- What this task involves:
Every line from the one holding "Keywords: sol twigs" through the last line of the records must be retyped exactly, and no other line or picture may appear in the copy.

- Input data:
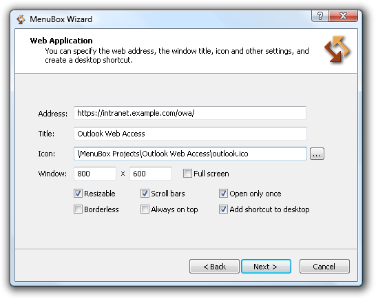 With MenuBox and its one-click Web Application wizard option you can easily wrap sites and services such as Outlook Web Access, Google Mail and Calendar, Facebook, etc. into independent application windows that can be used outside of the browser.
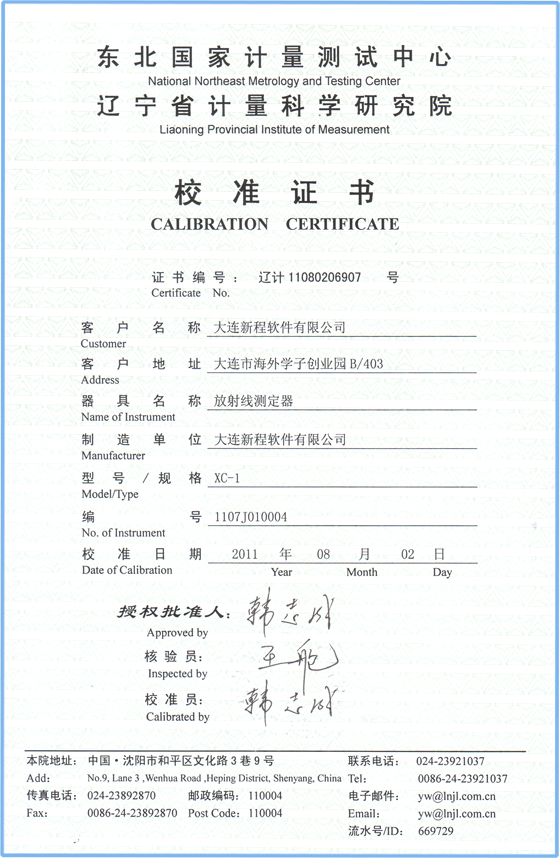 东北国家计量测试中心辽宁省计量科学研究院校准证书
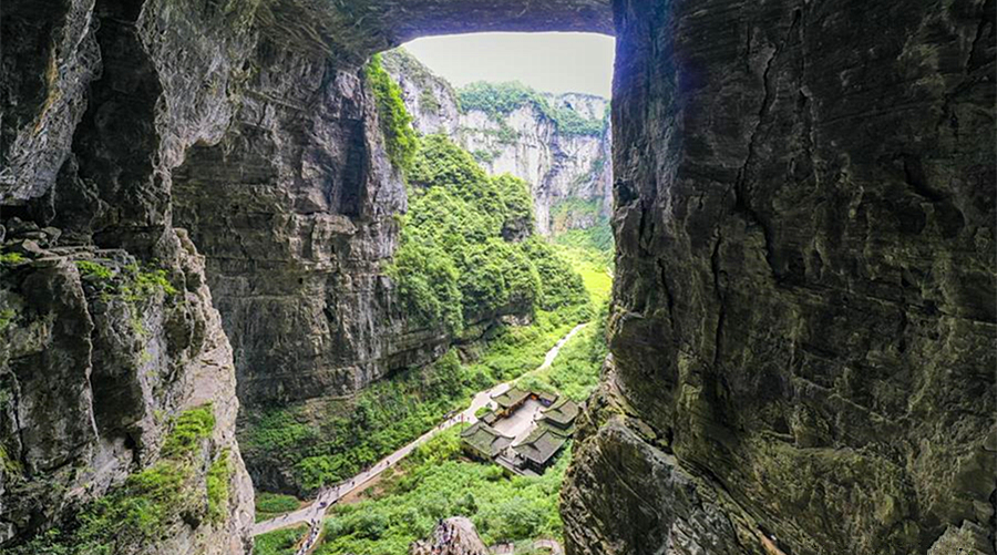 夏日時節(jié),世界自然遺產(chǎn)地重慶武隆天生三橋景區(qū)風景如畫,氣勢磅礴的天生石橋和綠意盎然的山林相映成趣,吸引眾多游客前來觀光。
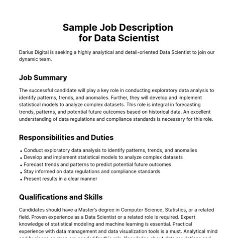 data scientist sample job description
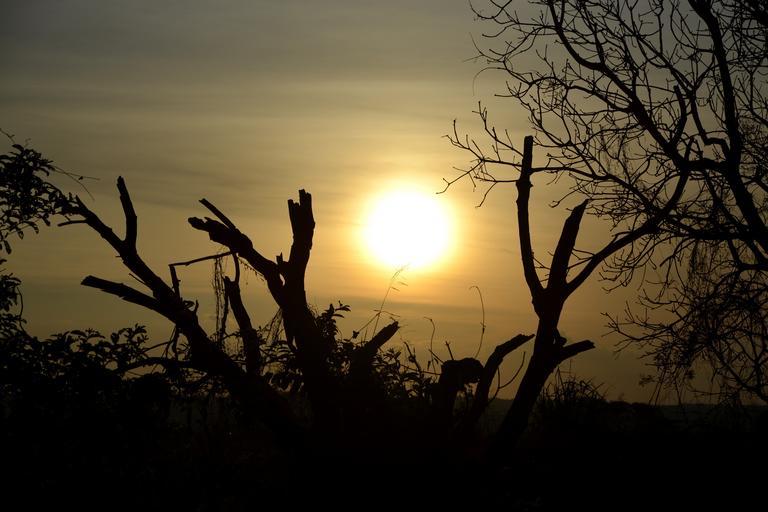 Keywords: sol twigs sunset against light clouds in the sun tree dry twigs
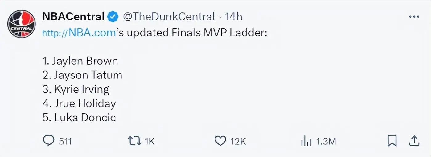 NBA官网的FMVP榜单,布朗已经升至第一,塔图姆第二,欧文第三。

- Exercise result:
 Keywords: sol twigs sunset against light clouds in the sun tree dry twigs
 NBA官网的FMVP榜单,布朗已经升至第一,塔图姆第二,欧文第三。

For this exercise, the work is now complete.